From: Ron Whitney <RFW@MATH.AMS.ORG>
Date: Sun, 08 Sep 1996 10:17:32 -0400 (EDT)
To: w3c-math-erb@w3.org
Message-id: <842192252.874382.RFW@MATH.AMS.ORG>
Bob writes:

>   Here is a more sophisticated example (I hope you like the type name!):
> 
>  FiniteFieldNormalBasisExtensionByPolynomial(Prime Field 3, X^^3+2*X^^3+2)

I do, I do!  (Doing `semantical' maths is easy, claims Pike.  All one has
to do is roll up one's sleeves and have at it --- as if this is a problem
in insect taxonomy.  Group members, grab your nets!)

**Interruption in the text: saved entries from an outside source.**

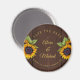 Casamento tradicional da Rússia salvará o ímã de guarda de data com belos buquês de girassol sobre um fundo de madeira marrom. ++++++ Ideal para um verão ou outono caia num elegante jardim ao ar livre, celeiro de fazenda ou casamento no quintal. Personalize-o com os nomes da noiva e do noivo, a data do casamento e o lugar!
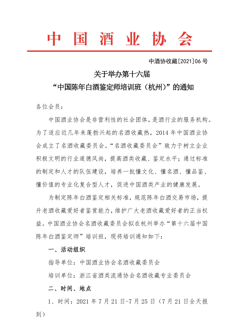 中国酒业协会是非营利性的社会团体,是酒行业的服务机构。为了适应近几年来蓬勃兴起的名酒收藏热,2014 年中国酒业协会成立了名酒收藏委员会。“名酒收藏委员会”致力于树立企业积极文明的行业道德风尚,提高酒类收藏、鉴定水平;通过标准的制定和人才的队伍建设,培养一批懂文化、懂名酒、懂品鉴、懂价值的专业化复合型人才,促进中国酒类产业的健康发展。为制定陈年白酒鉴定相关标准,规范陈年白酒交易市场,提升老酒收藏爱好者鉴赏能力,维护广大老酒收藏爱好者的正当权益。中国酒业协会名酒收藏委员会拟在杭州举办“第十六届中国陈年白酒鉴定师”培训班,现将培训通知如下:
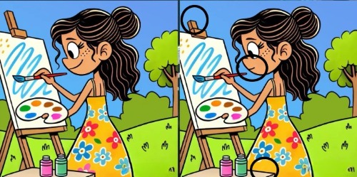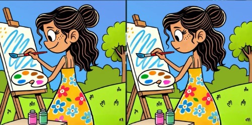 În următorul puzzle trebuie să găsești trei diferențe între imaginile care prezintă o fată care face un desen, notează jagranjosh.

Bob mentions that designations of mathematical objects will have to be
embedded within semantical annotations.  This suggests, as he points
out, that there will be a notational aspect to the semantical
information, although that notation might be wholly independent of
html-math.  I was also asking about whether html-math notation could
become embedded within semantical annotations because of the
requirement that some type-theoretic information will be dependent
upon identifiers and operators of the html document itself.

With respect to the particular insect above, I'm assuming that the
annotation could be parameterized so that

   FiniteFieldNormalBasisExtensionByPolynomial(Prime Field `p', X^^3+2*X^^3+2)

would type another extension field, but over the Prime Field of `p'
elements where `p' is a variable local to a certain position within a
given document.  In this way, the document notation might "infect" the
semantic information, since if the local parameter `p' is available for
inclusion then any expression which evaluates (within the paper's
local semantics) to a prime might also be used there.  If an author
is using ^ to mean "power" locally, one might then have

   FiniteFieldNormalBasisExtensionByPolynomial
                                     (Prime Field 2^{2^n}+1, X^^3+2*X^^3+2)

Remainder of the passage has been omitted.